Walmex CEO Scot Rank and Chief Financial Officer Rafael Matute didn’t mention the corruption investigation yesterday on a seven-minute conference call to discuss first-quarter results. As usual, the company didn’t take questions from analysts or investors on the quarterly call.
Settlements involving the corrupt practices act are typically 1 percent to 2 percent of sales, and that would be about $4.5 billion per 1 percentage point of sales for Wal-Mart, Carroll said. FCPA investigations take 2 years to 6 years to settle, he said. The largest such settlement ever was $1.6 billion paid by Siemens AG in 2008, he said.
Wal-Mart executives, including then-Chief Executive Officer and current board member Lee Scott, were made aware of the bribery allegations in 2005, the New York Times reported. So was Duke, the current CEO, who at the end of that year was just taking over international operations, the article said.
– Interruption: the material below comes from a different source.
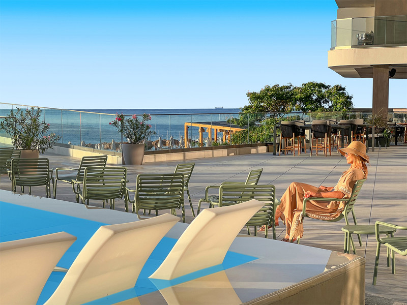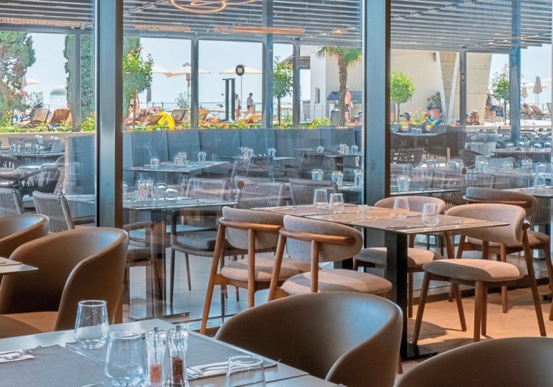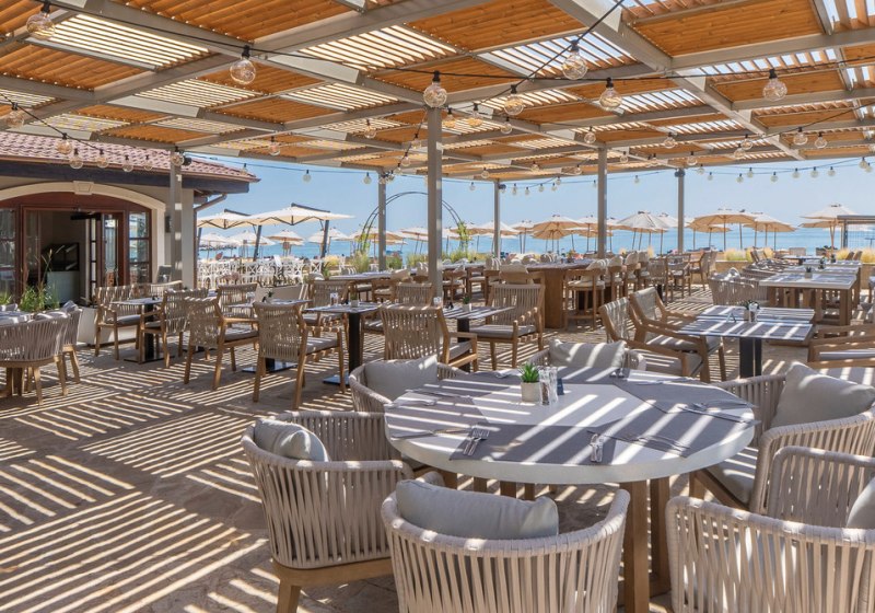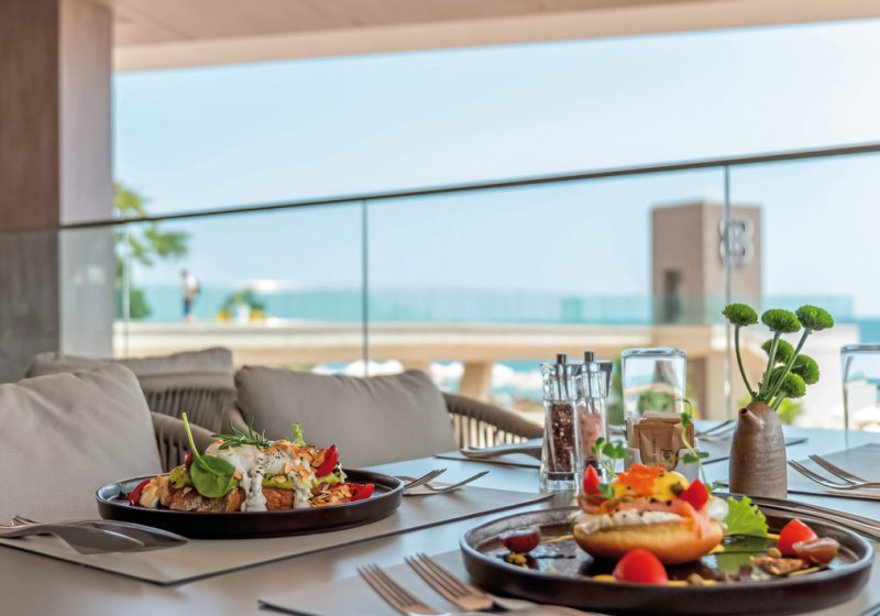 Kulinarik ist im GRIFID Noa breit ausgelegt: Zwei Hauptrestaurants mit Außenterrassen bieten viel Raum und flexible Zeitslots; dazu kommen fünf À-la-carte-Restaurants für abwechslungsreiche Abende. Die Bars sind präzise positioniert – Lobbybar 24/7, Sky-Bar (16+), Cigar-Bar (16+), Strand- und Poolbar sowie eine Champagner-/Sekt-Bar. Highlight: Beach-Club ab 16 mit mediterraner Küche und Pool als fokussierter Treffpunkt.

Scott didn’t return a phone call to his home.
Two top Democrats on congressional panels yesterday moved to start a probe and request a meeting with Wal-Mart executives.
The Times report “raises serious questions about potential violations of United States law” and “about the actions of top company officials in the United States who reportedly tried to disregard substantial evidence of abuse,” Representatives Elijah Cummings of Maryland and Henry Waxman of California, wrote in a letter to Duke.
Cummings is the top Democrat on the House Oversight and Government Reform Committee, and Waxman is the top Democrat on the House Energy and Commerce Committee.
Wal-Mart will face pressure from shareholders to take action against any executives who didn’t act fully on the bribery allegations sooner, said Charles Elson, director of the John L. Weinberg Center for Corporate Governance at the University of Delaware.
“If this is all true, it’s problematic,” Elson said in a telephone interview. “If any officer was significantly involved, their position has to be reviewed. You have to do the investigating and determine what did the CEO know and when.”
The Times article said the bribes may have amounted to more than $24 million in payments.
The Times identified executive Eduardo Castro-Wright as a central figure in the expansion of the alleged payments. Castro-Wright ran Wal-Mart de Mexico as CEO from 2003 to 2005 and was president and chief operating officer of the unit from 2001 to 2003. Some of the alleged bribery took place during that time, the newspaper reported.
In a telephone interview, Tovar declined to discuss the future of Castro-Wright, who is now a Wal-Mart vice chairman scheduled to retire July 1.